--- Collected material ---
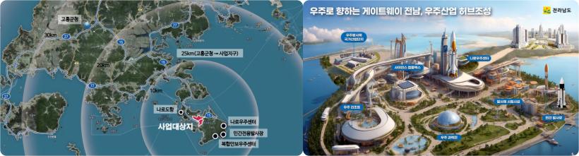 Àü³²µµ´Â ³ª·Î¿ìÁÖ¼¾Å͸¦ Áß½ÉÀ¸·Î Á¤ºÎ·ÎºÎÅÍ 2022³â 12¿ù ¡®¿ìÁֹ߻çü »ê¾÷ ƯÈÁö±¸¡¯·Î ÁöÁ¤µÇ¸é¼, °íÈï¿¡ ¹Î°£¹ß»çÀå ÇÙ½É ±â¹Ý ±¸Ãà, ¿ìÁֹ߻çü ±¹°¡Ã·´Ü»ê¾÷´ÜÁö Á¶¼º µî 8°³ ºÐ¾ß 24°³ ÇٽɰúÁ¦¸¦ ¹ß±¼Çϰí 2031³â±îÁö 1Á¶ 6õ84¾ï ¿øÀ» ÅõÀÔÇÑ´Ù´Â °èȹÀ» ¼ö¸³Çß´Ù.
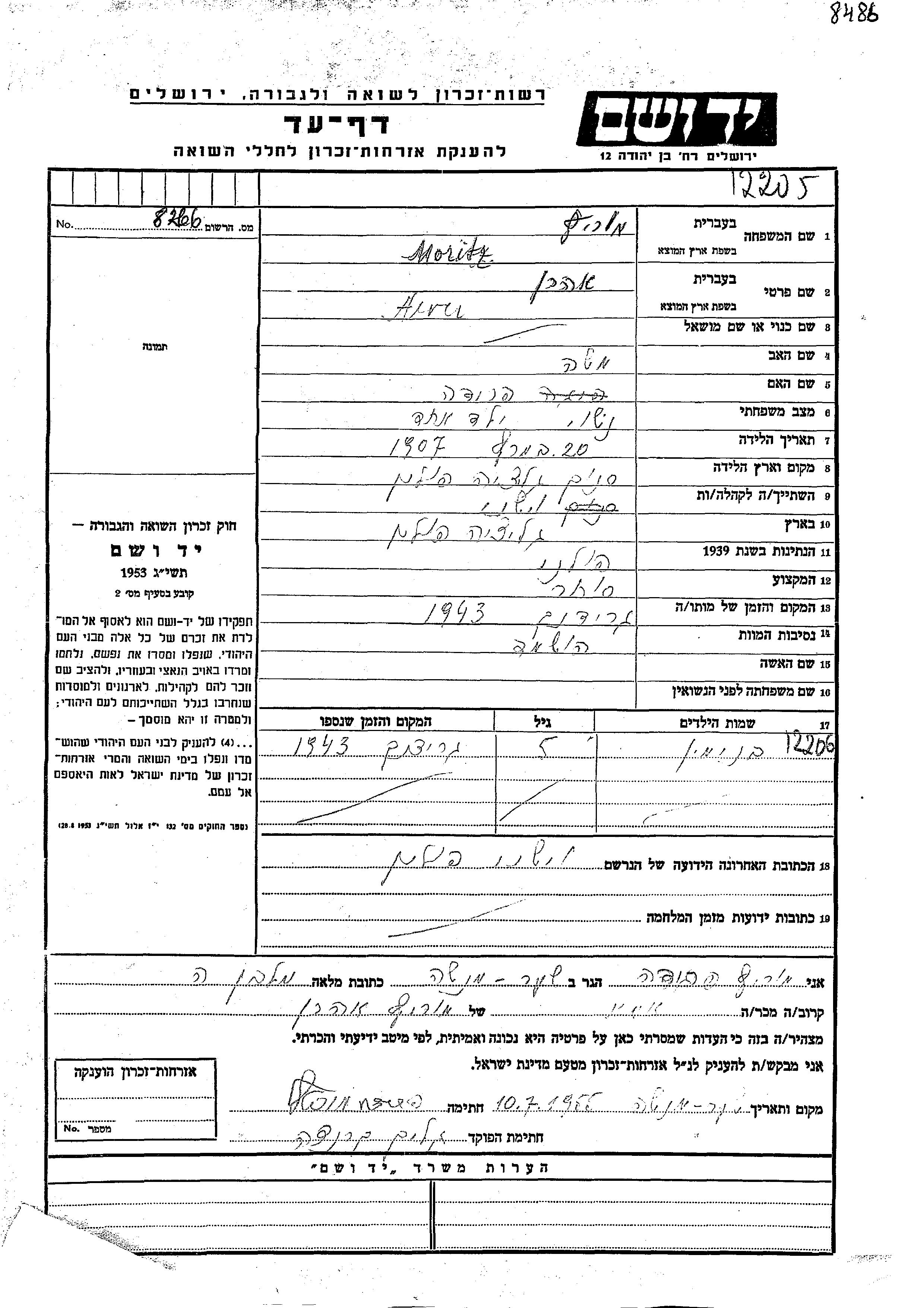 Яд Вашем - Листы свидетельских показаний Мемориального фонда
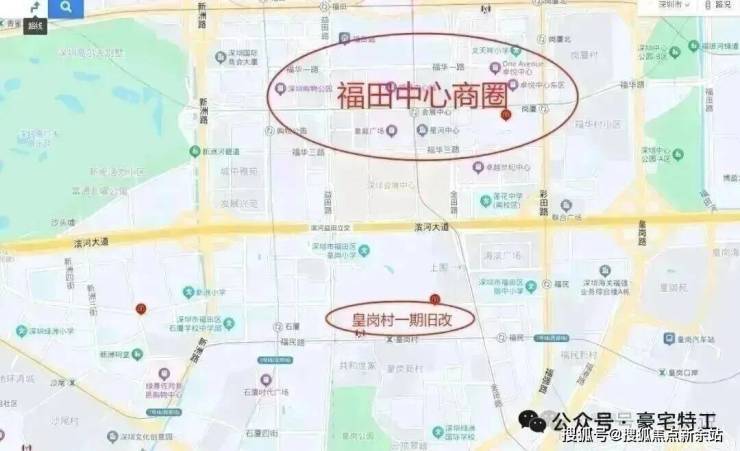 皇岗村改造项目,位于福田福民路与皇岗二街交汇处西北角,紧邻深圳地铁7号线皇岗村站,地处深圳中心的核心腹地。
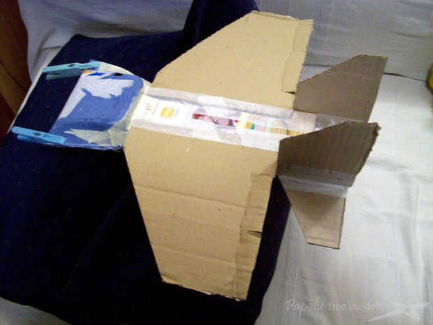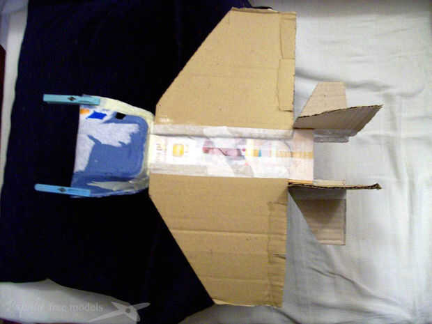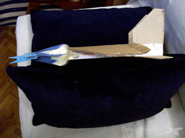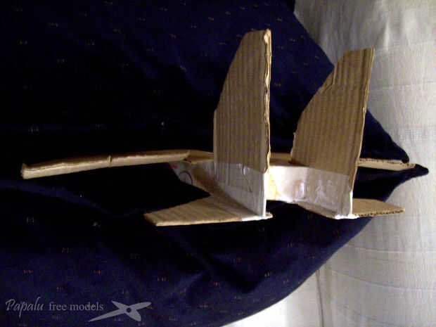 a continuación añadí las superficies horizontales de cola, de la misma cartulina que el resto - fotos desde diferentes ángulos.
---
Your goal - These lines alone form the answer: the one containing "皇岗村改造项目,位于福田福民" and every line after it through the end of the material, exactly as written, pictures left out.

Answer section -
 皇岗村改造项目,位于福田福民路与皇岗二街交汇处西北角,紧邻深圳地铁7号线皇岗村站,地处深圳中心的核心腹地。
 a continuación añadí las superficies horizontales de cola, de la misma cartulina que el resto - fotos desde diferentes ángulos.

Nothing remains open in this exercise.